The vulnerability manifests in the memory management functions when processing token sequences. By supplying a negative n_discard value, the attacker causes the range parameters passed to llama_memory_seq_rm and llama_memory_seq_add to become inverted, and the offset calculation produces a negative value. This results in writes to memory addresses before the intended buffer, corrupting adjacent data structures. For technical details, refer to the GitHub Security Advisory.

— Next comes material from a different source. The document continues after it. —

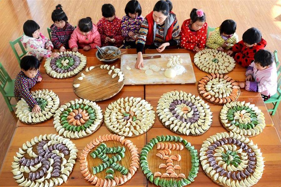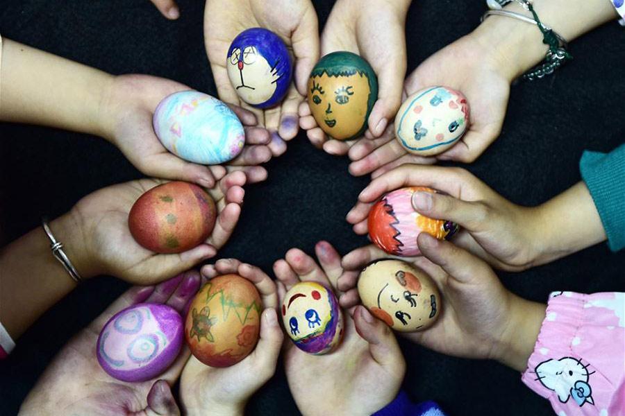 Pupils display painted eggs during a folk custom activity marking "lixia", the beginning of summer in Chinese lunar calendar, at a primary school in Hefei, capital of East China's Anhui province, May 5, 2016. (Photo/Xinhua)
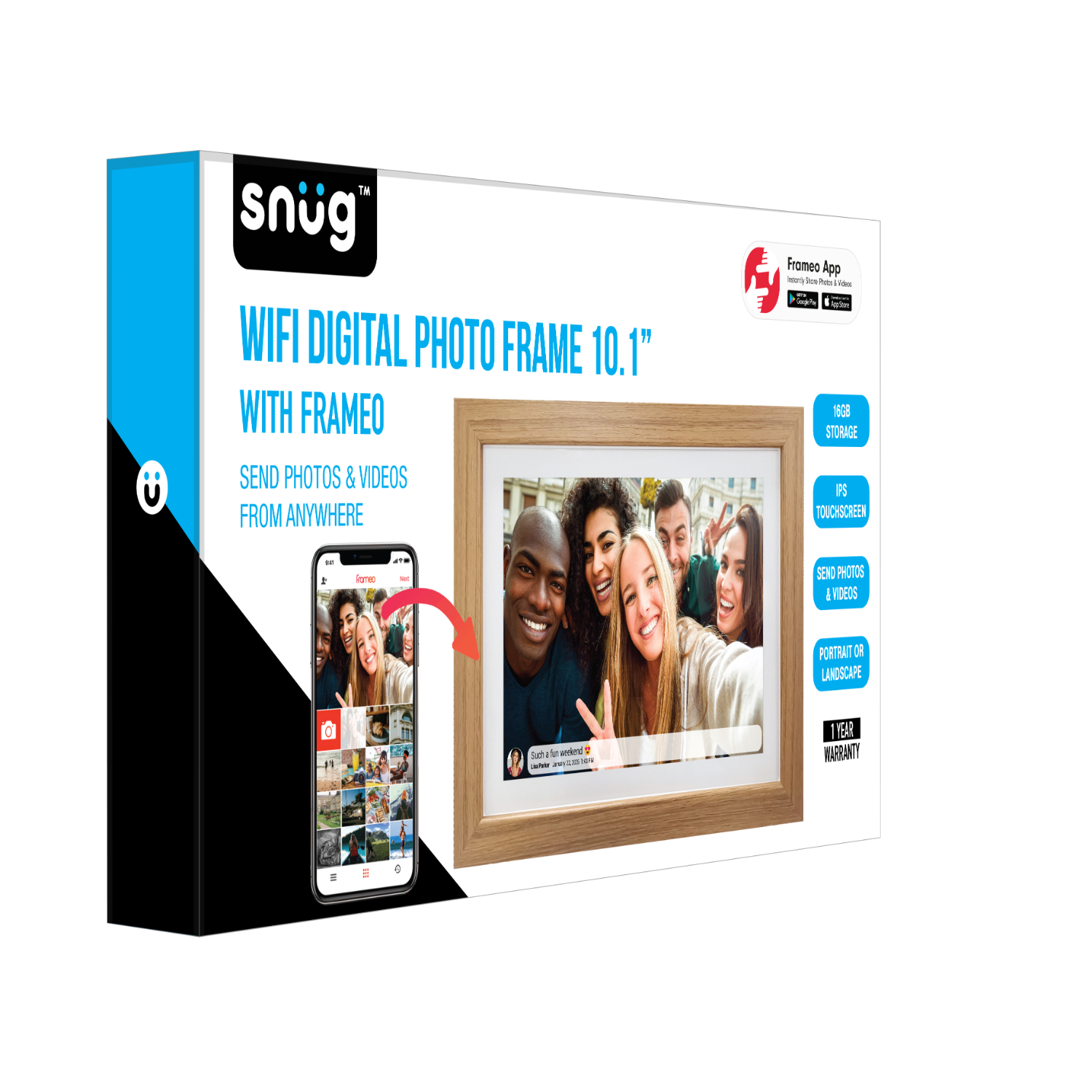 Receive wonderful photos and videos from friends and family with the Snug Wifi Digital Photo Frame with the highly rated built-in FRAMEO software. Use the free Frameo app to send photos and videos with a short caption directly from your smartphone to the Photo Frame – wherever you are in the world. The photos will appear on the digital photo frame within seconds, so you can enjoy the moments as they happen. The Snug Wifi Digital Photo Frame has a touchscreen that makes it easy for everyone to use.

Detection Methods for CVE-2026-21869
Indicators of Compromise
- Unexpected crashes or segmentation faults in llama.cpp server processes
- HTTP requests to completion endpoints containing negative integer values for n_discard
- Anomalous memory access patterns or core dumps from llama.cpp processes
- Error logs indicating memory corruption or invalid memory operations
Detection Strategies
- Implement web application firewall (WAF) rules to inspect JSON payloads for negative n_discard values
- Monitor llama.cpp server logs for unusual request patterns or processing errors
- Deploy application-level input validation to reject requests with negative parameter values
- Use runtime memory protection tools to detect out-of-bounds memory access attempts
Monitoring Recommendations
- Enable verbose logging on llama.cpp server instances to capture request parameters
- Implement network traffic analysis to identify suspicious patterns targeting completion endpoints
- Deploy crash monitoring and automated alerting for llama.cpp processes
- Conduct regular log reviews for requests containing unexpected parameter values
How to Mitigate CVE-2026-21869
Immediate Actions Required
- Restrict network access to llama.cpp server instances to trusted sources only
- Implement input validation at the network perimeter to reject negative n_discard values
- Consider temporarily disabling public access to completion endpoints until a patch is available
- Deploy network segmentation to isolate AI inference servers from critical infrastructure
Patch Information
There is no official fix available at the time of publication. Organizations should monitor the llama.cpp GitHub repository for security updates and apply patches immediately when released. The vulnerability affects commits 55d4206c8 and prior.
Workarounds
- Implement a reverse proxy or API gateway with input validation to sanitize n_discard parameters
- Use network-level access controls to limit which clients can reach the completion endpoints
- Deploy Web Application Firewall rules to block requests with negative integer values in JSON payloads
- Run llama.cpp server processes in sandboxed environments to limit the impact of potential exploitation
# Example nginx configuration to block negative n_discard values
# Add to server block protecting llama.cpp endpoint
location /completion {
# Reject requests containing negative n_discard
if ($request_body ~* "\"n_discard\"\s*:\s*-[0-9]+") {
return 400;
}
proxy_pass http://llama_backend;
}
Disclaimer: This content was generated using AI. While we strive for accuracy, please verify critical information with official sources.